Jetzt ist Ihre Meinung zu *15 Jahre PCGH: Die Redaktion sagt Dankeschön* gefragt. 

Bitte beachten Sie: Der Kommentarbereich wird gemäß der  Forenregeln moderiert. Allgemeine Fragen und Kritik zu Online-Artikeln von PC Games Hardware sind im Feedback-Unterforum zu veröffentlichen und nicht im Kommentarthread zu einer News. Dort werden sie ohne Nachfragen entfernt.
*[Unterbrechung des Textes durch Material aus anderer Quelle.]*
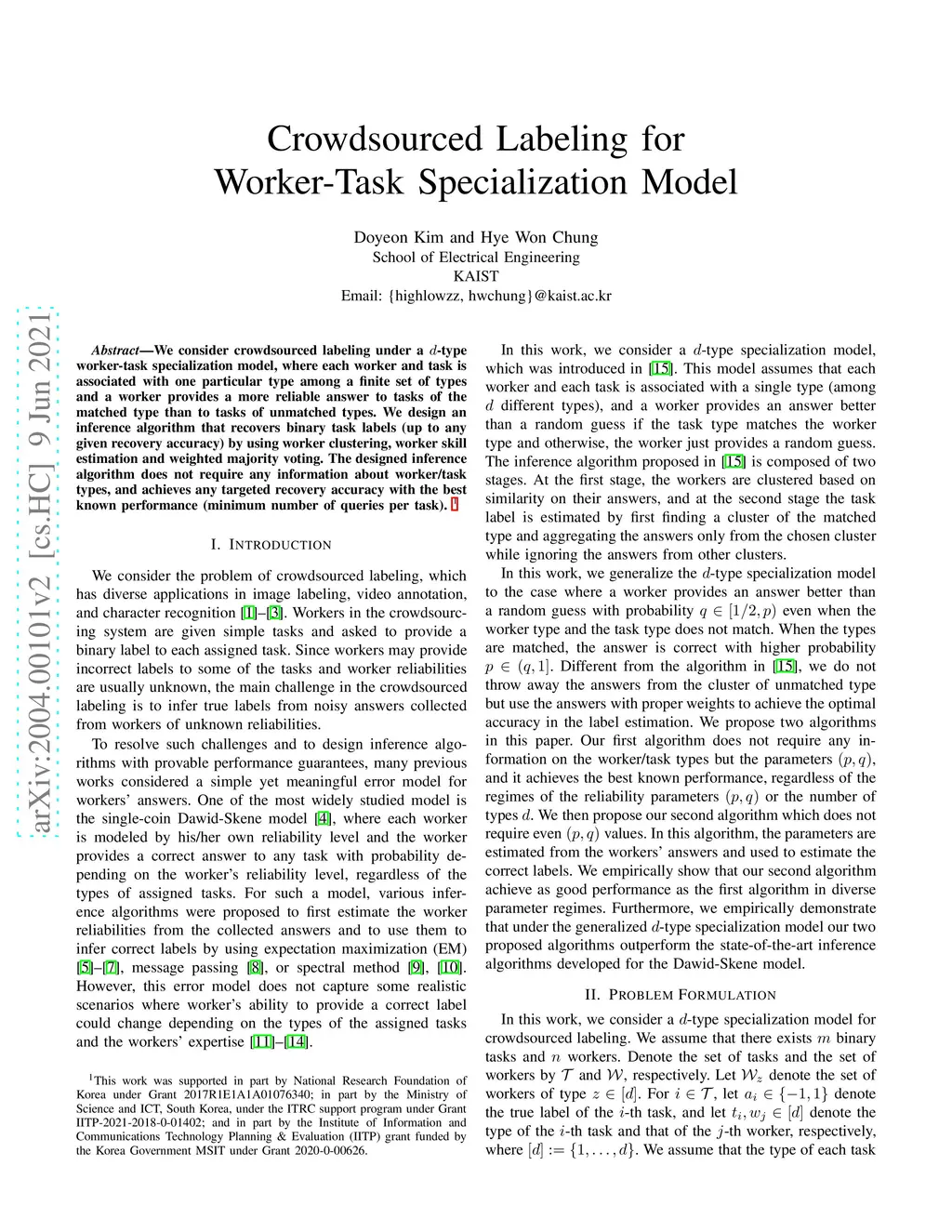 We consider crowdsourced labeling under a -type worker-task specialization model, where each worker and task is associated with one particular type among a finite set of types and a worker provides a more reliable answer to tasks of the matched type than to tasks of unmatched types. We design an inference algorithm that recovers binary task labels (up to any given recovery accuracy) by using worker clustering, worker skill estimation and weighted majority voting. The designed inference algorithm does not require any information about worker/task types, and achieves any targeted recovery accuracy with the best known performance (minimum number of queries per task).

			Dieser Inhalt steht nur eingeloggten Mitgliedern zur Verfügung.
        

 Zurück zum Artikel: *15 Jahre PCGH: Die Redaktion sagt Dankeschön*


----------



## Gamer090 (5. Oktober 2015)

*15 Jahre PCGH: Die Redaktion sagt Dankeschön*

Vielen Dank an die Redaktion für tolle 15 Jahre freue mich auf weitere 15 Jahre mit euch.


----------



## Erok (5. Oktober 2015)

*AW: 15 Jahre PCGH: Die Redaktion sagt Dankeschön*

Da  die gesamte PCGH-Community ja fast einer kleinen gemütlichen  Irrenanstalt gleich kommt, hoffe ich doch sehr, daß Ihr Redakteure und ALLE Foren-Mods als  unser "Pflegepersonal" noch lange erhalten bleibt und uns weiterhin so  fürsorglich zur Seite steht rund um PC-Hardware  

Danke an Euch zurück 

Greetz Erok


----------



## Dr Bakterius (5. Oktober 2015)

*AW: 15 Jahre PCGH: Die Redaktion sagt Dankeschön*

Bitte schön, aber übertreibt es nicht mit der Feierei


----------



## FortuneHunter (5. Oktober 2015)

*AW: 15 Jahre PCGH: Die Redaktion sagt Dankeschön*

Danke für 15 Jahre Informationen über Hardware an die Redaktion und auch an alle hilfreichen Geister hier im Forum.


----------



## mac1 (5. Oktober 2015)

*AW: 15 Jahre PCGH: Die Redaktion sagt Dankeschön*

15 Jahre, nicht zu glauben, wie schnell die Zeit vergeht und ich kenne noch die Erstausgabe (verdammt, wo sind meine Ilja-Rogoff-Stärkungspillen ).
Ich habe sie alle gehabt (!)..., also alle Hefte.  
Leider mussten aus Platzgründen die meisten über die Jahre leider weichen. 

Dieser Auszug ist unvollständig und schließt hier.